Provided material:
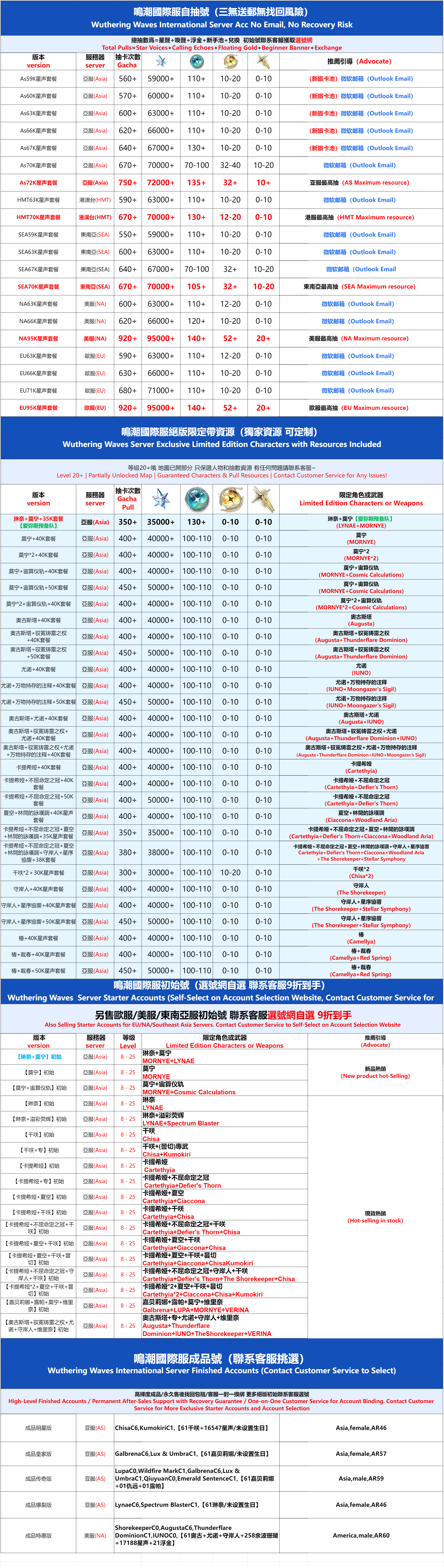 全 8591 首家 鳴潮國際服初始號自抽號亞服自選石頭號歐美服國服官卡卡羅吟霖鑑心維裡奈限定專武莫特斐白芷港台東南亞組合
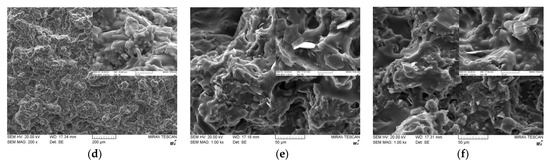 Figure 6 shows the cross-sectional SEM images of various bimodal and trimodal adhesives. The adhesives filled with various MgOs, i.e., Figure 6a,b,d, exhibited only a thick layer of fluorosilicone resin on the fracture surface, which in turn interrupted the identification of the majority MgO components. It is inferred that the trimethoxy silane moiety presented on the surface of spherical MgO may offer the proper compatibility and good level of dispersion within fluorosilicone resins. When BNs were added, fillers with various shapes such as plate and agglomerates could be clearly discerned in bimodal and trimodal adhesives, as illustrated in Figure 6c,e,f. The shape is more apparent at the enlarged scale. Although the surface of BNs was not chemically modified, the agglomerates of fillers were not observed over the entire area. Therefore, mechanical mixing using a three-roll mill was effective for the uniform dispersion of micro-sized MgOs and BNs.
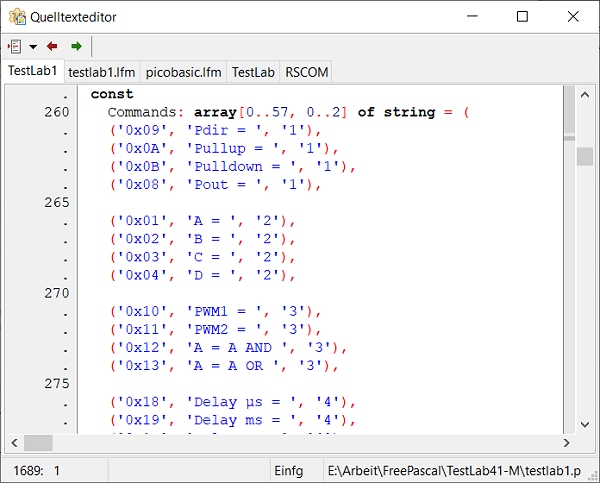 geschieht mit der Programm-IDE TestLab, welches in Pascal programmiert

The task: Without the pictures, output the full listing exactly as it stands.

Written response:
 全 8591 首家 鳴潮國際服初始號自抽號亞服自選石頭號歐美服國服官卡卡羅吟霖鑑心維裡奈限定專武莫特斐白芷港台東南亞組合
 Figure 6 shows the cross-sectional SEM images of various bimodal and trimodal adhesives. The adhesives filled with various MgOs, i.e., Figure 6a,b,d, exhibited only a thick layer of fluorosilicone resin on the fracture surface, which in turn interrupted the identification of the majority MgO components. It is inferred that the trimethoxy silane moiety presented on the surface of spherical MgO may offer the proper compatibility and good level of dispersion within fluorosilicone resins. When BNs were added, fillers with various shapes such as plate and agglomerates could be clearly discerned in bimodal and trimodal adhesives, as illustrated in Figure 6c,e,f. The shape is more apparent at the enlarged scale. Although the surface of BNs was not chemically modified, the agglomerates of fillers were not observed over the entire area. Therefore, mechanical mixing using a three-roll mill was effective for the uniform dispersion of micro-sized MgOs and BNs.
 geschieht mit der Programm-IDE TestLab, welches in Pascal programmiert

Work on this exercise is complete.